**Aim of the exercise**
Here is the task for the records below: repeat exactly the lines from the one with "Site dédié aux" to the one with "Appartement 1 Chambre.", both included, and nothing else.

**Records provided**

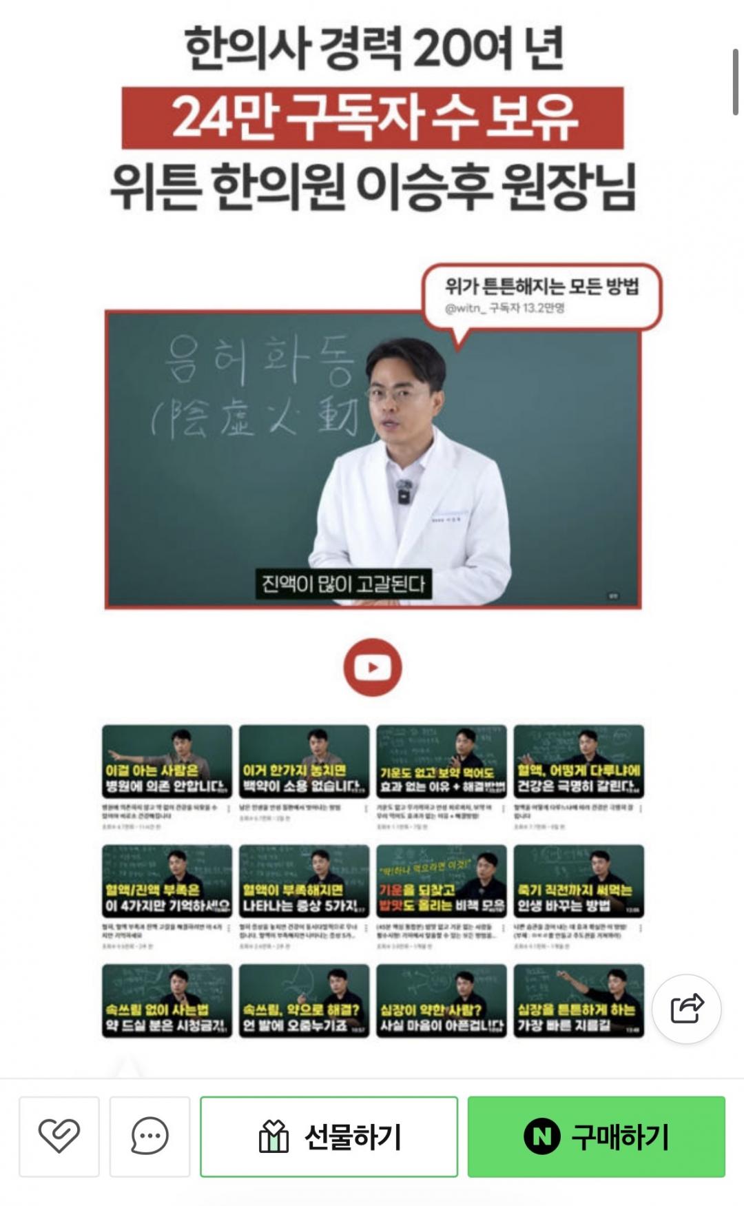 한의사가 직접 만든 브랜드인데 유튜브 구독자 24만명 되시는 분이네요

...

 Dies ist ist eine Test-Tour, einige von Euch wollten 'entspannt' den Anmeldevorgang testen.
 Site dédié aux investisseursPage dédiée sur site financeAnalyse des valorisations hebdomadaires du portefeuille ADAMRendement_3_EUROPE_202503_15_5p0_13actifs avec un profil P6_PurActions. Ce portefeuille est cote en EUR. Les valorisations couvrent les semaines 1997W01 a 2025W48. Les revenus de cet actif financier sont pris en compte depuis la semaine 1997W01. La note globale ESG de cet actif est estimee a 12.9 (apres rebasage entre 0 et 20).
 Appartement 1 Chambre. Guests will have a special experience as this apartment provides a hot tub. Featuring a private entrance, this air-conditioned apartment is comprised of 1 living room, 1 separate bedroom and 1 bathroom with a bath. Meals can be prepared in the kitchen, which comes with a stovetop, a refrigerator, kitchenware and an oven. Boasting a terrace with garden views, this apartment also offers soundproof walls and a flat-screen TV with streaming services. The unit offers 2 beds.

**Exercise response**
 Site dédié aux investisseursPage dédiée sur site financeAnalyse des valorisations hebdomadaires du portefeuille ADAMRendement_3_EUROPE_202503_15_5p0_13actifs avec un profil P6_PurActions. Ce portefeuille est cote en EUR. Les valorisations couvrent les semaines 1997W01 a 2025W48. Les revenus de cet actif financier sont pris en compte depuis la semaine 1997W01. La note globale ESG de cet actif est estimee a 12.9 (apres rebasage entre 0 et 20).
 Appartement 1 Chambre. Guests will have a special experience as this apartment provides a hot tub. Featuring a private entrance, this air-conditioned apartment is comprised of 1 living room, 1 separate bedroom and 1 bathroom with a bath. Meals can be prepared in the kitchen, which comes with a stovetop, a refrigerator, kitchenware and an oven. Boasting a terrace with garden views, this apartment also offers soundproof walls and a flat-screen TV with streaming services. The unit offers 2 beds.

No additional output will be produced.